Financial services security changes with the times

Banks are targetted by cybercriminals because the potential value of their assets makes it worth the time, money and risk of trying to overcome their defences
Banks are targetted by cybercriminals because the potential value of their assets makes it worth the time, money and risk of trying to overcome their defences
Amichai Shulman, Imperva
Amichai Shulman, Imperva
Adam Bosnian, Cyber-Ark
Adam Bosnian, Cyber-Ark
Mickey Boodaei, Trusteer
Mickey Boodaei, Trusteer

No matter how strong the vault, there will always be someone willing to try their luck, and force their way in.

It’s not only in the movies where high-value locations, such as casinos, jewellers, art galleries and banks are the targets of thieves. These places have strong security because they are so attractive to criminals. The prize makes it worth the risk.

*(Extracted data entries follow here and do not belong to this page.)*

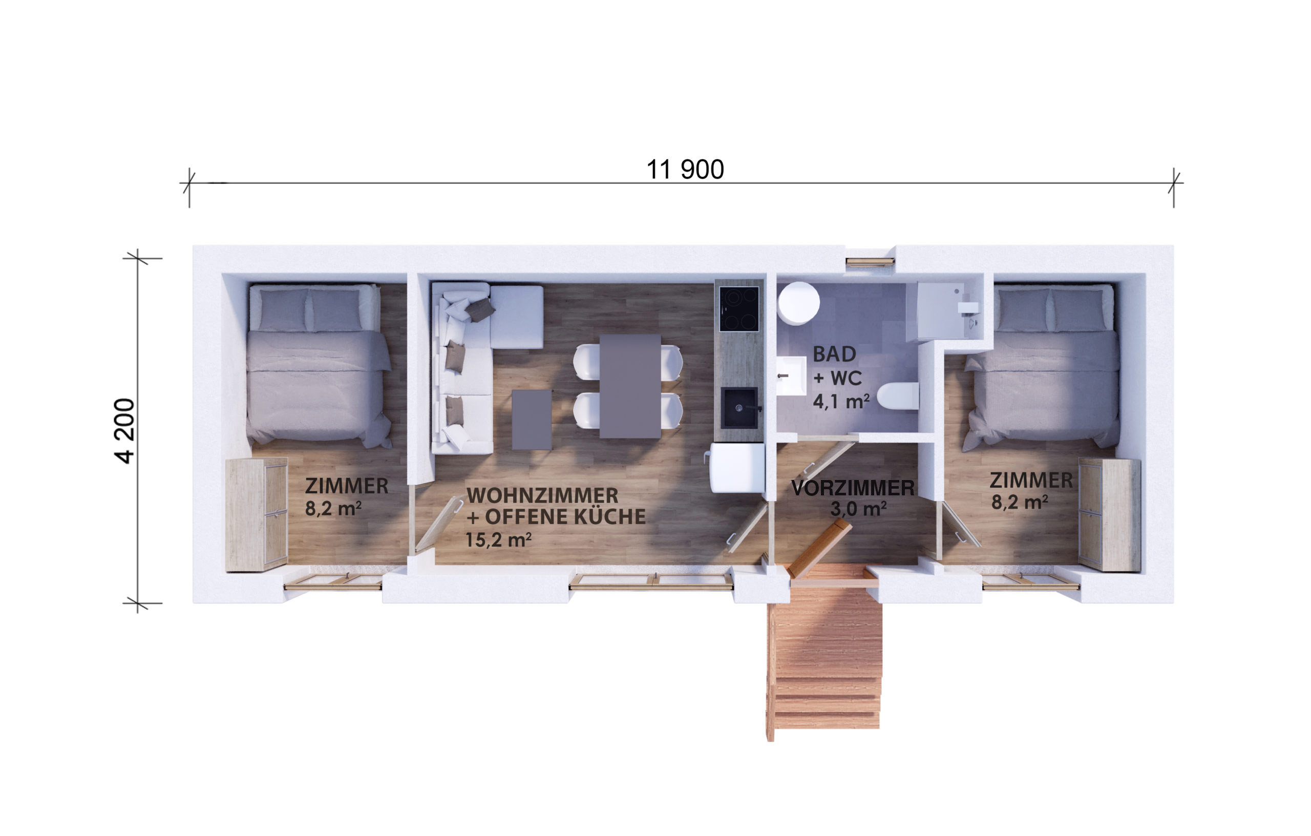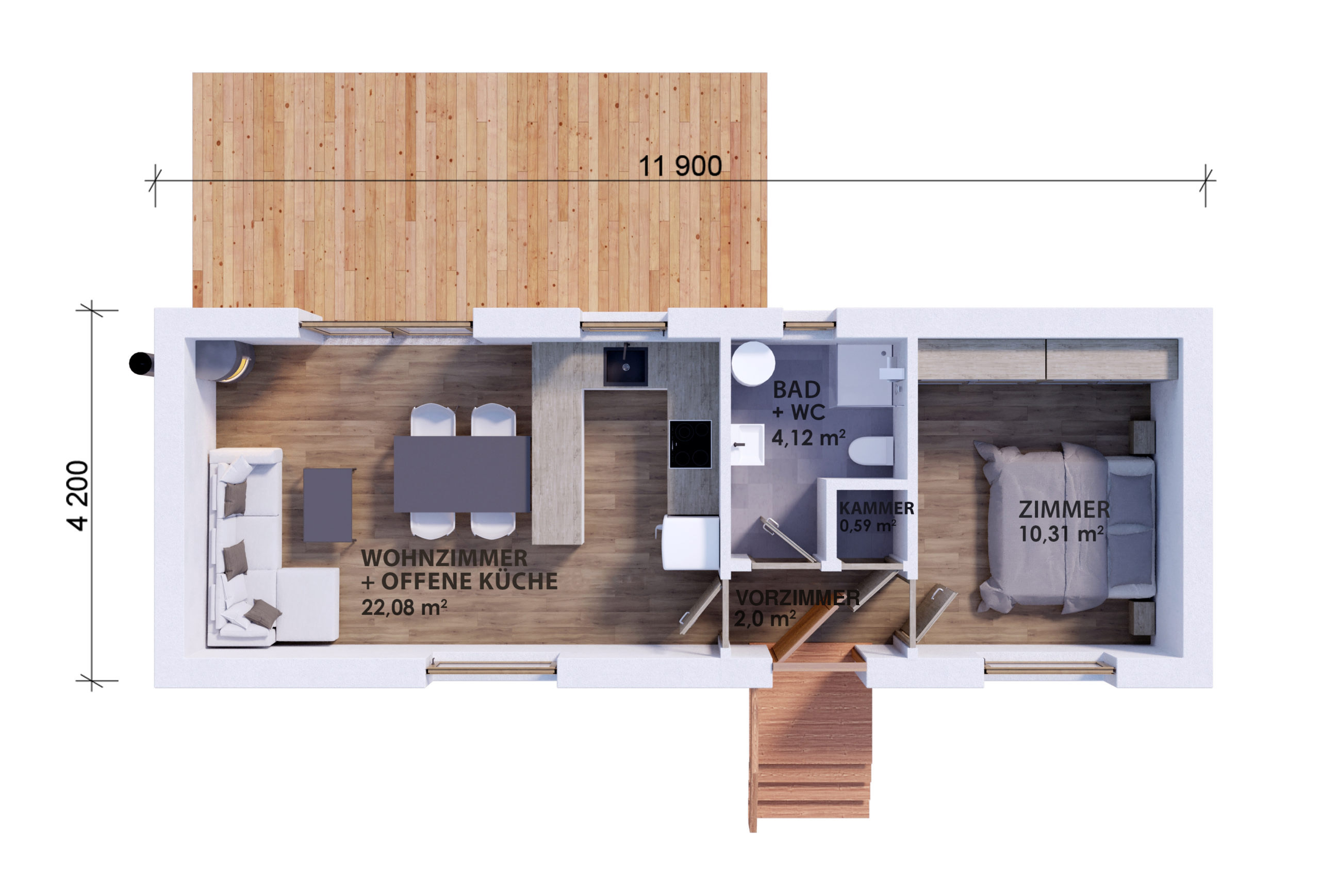 Raumaufteilung: Das Holzhaus verfügt über ein Erdgeschoss mit 2 Zimmer mit offener Wohnküche – Eingangsbereich, Wohnzimmer mit offener Küche, Bad, Zimmer und Schlafzimmer.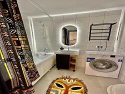 La salle de bain comprend une baignoire, machine à laver, miroir lumineux et rangements pratiques. Les WC sont séparés.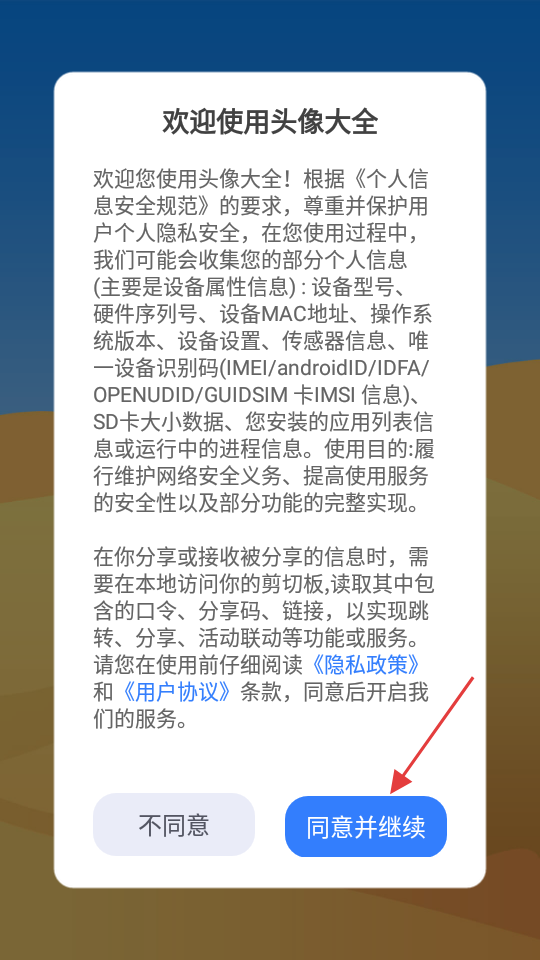 1、阅读《隐私政策》和《用户协议》,点击【同意并继续】,进入APP。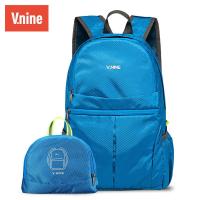 第九城(V.NINE)防泼水折叠双肩包男女通用多功能户外运动学生书包时尚潮流背包蓝色#可折叠防泼水#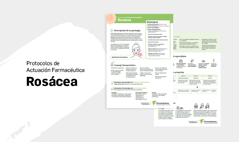 La rosácea es una causa frecuente de consulta en la farmacia comunitaria. Por este motivo, la Vocalía Nacional de Dermofarmacia del Consejo General de Colegios Farmacéuticos ha publicado un nuevo protocolo de actuación farmacéutica con el fin de ayudar a los farmacéuticos en su ejercicio profesional diario, con información sencilla y de utilidad, así como con mensajes clave para el asesoramiento farmacéutico y un algoritmo de actuación para la derivación al médico cuando sea necesario.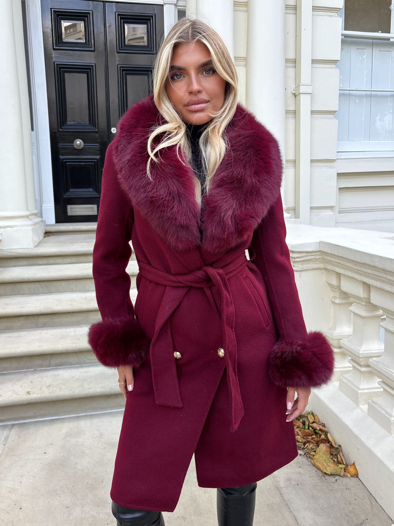 How stunning is our Camel Luxury Fur Cashmere Coat - the coat you need this winter. Featuring a luxury fur trim and cuffs and a belted waist to give you shape. Style with a winter look to bring the cosy yet chic vibes.
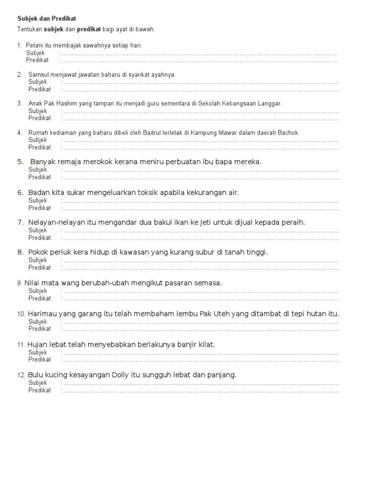 Latihan perbezaan kata kerja transitif dan tak transitif Latihan subjek dan predikat membuka kotak. Powtoon's animation templates help you create animated presentations and animated explainer videos from scratch. Latihan subjek dan predikat pt3 bahasa melayu untuk semakan pelajar tingkatan1, tingkatan 2 dan tingkatan 3. Pengajaran subjek dan predikat bagi menengah 1 ekspres.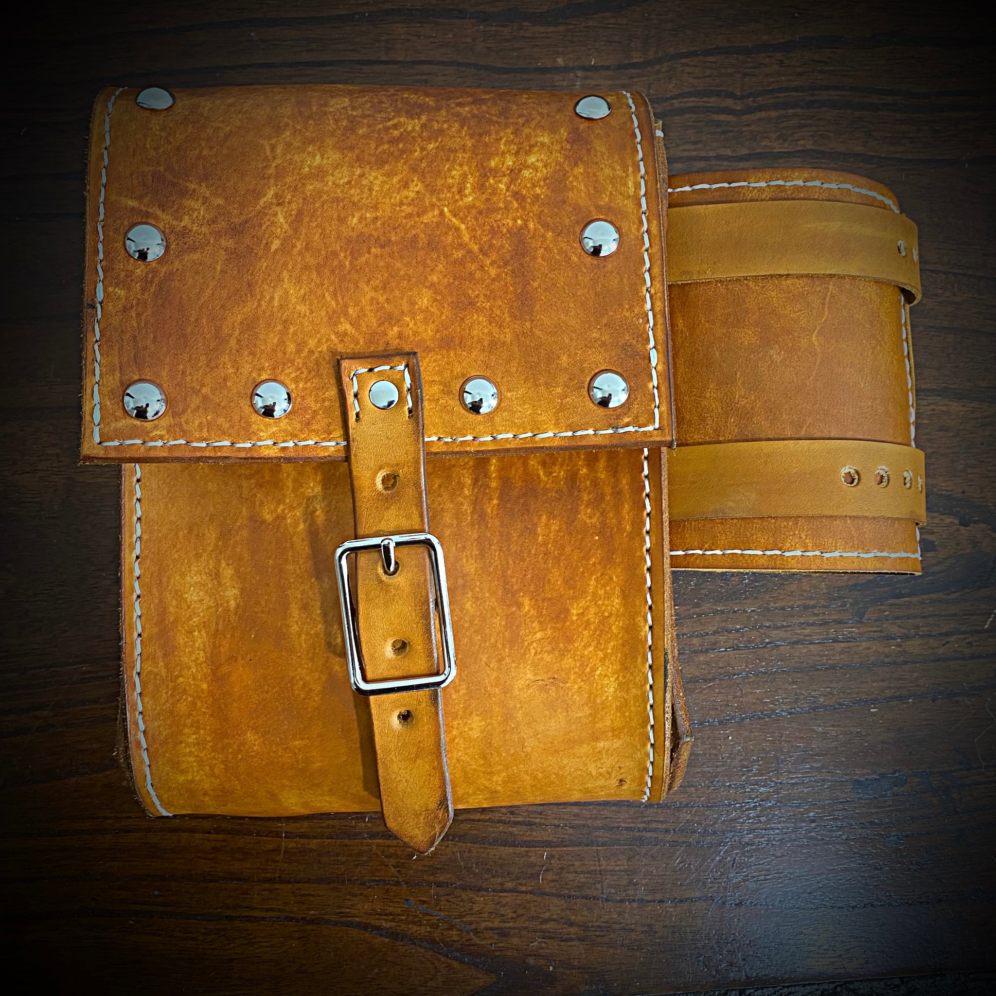Choose from a strap and buckle closure or lock and key for extra security. The buckle pictured has the add on quick release buckle behind it. If you do not order the add on the bag will come with our regular head stall buckle.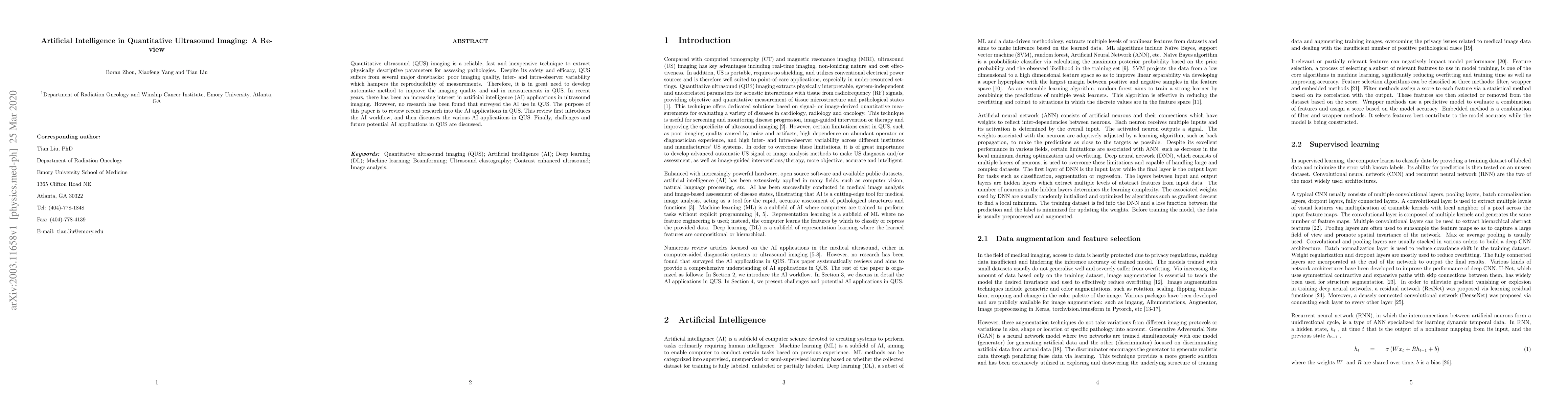 This paper reviews recent advances in artificial intelligence (AI) applications to improve quantitative ultrasound (QUS) imaging, addressing issues like poor imaging quality and variability in measurements. It discusses AI workflow and various AI methods used in QUS, along with challenges and future directions.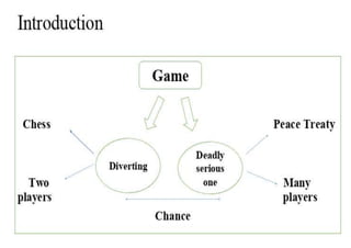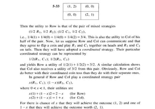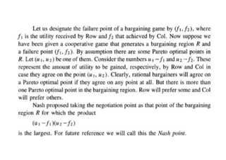 The document discusses game theory, focusing on non-zero-sum games where players' interests can overlap, emphasizing the complexity of cooperation without communication, exemplified by the prisoner's dilemma. It explores cooperative games where players may achieve better outcomes through coordination, highlighting the concept of Pareto optimal points and the challenges in identifying fair solutions. The text transitions to bargaining games, introducing Nash's solution as a guaranteed Pareto optimal point within the bargaining region.

So it is with information security

Banks are targetted by cybercrime gangs because the potential value of their assets makes it worth the time, money and, indeed, risk of trying to overcome their defences. As one security expert puts it, “it is a constant game of cat and mouse”. As the banks improve their defences, so the criminals find new, and often ingenious, ways to bypass them.

"It is about stealing information to make money, and financial information is one of the easiest ways to [do this]"
Greg Day, McAfee

Banks in the Western economies are very well defended. In many ways, our money is safer from theft than it ever has been, as we no longer need to carry, transact with, or deposit cash. But the banks’ largely successful attempts to protect electronic money flows – and the core IT systems that deliver them – has diverted the criminals’ attention to softer targets.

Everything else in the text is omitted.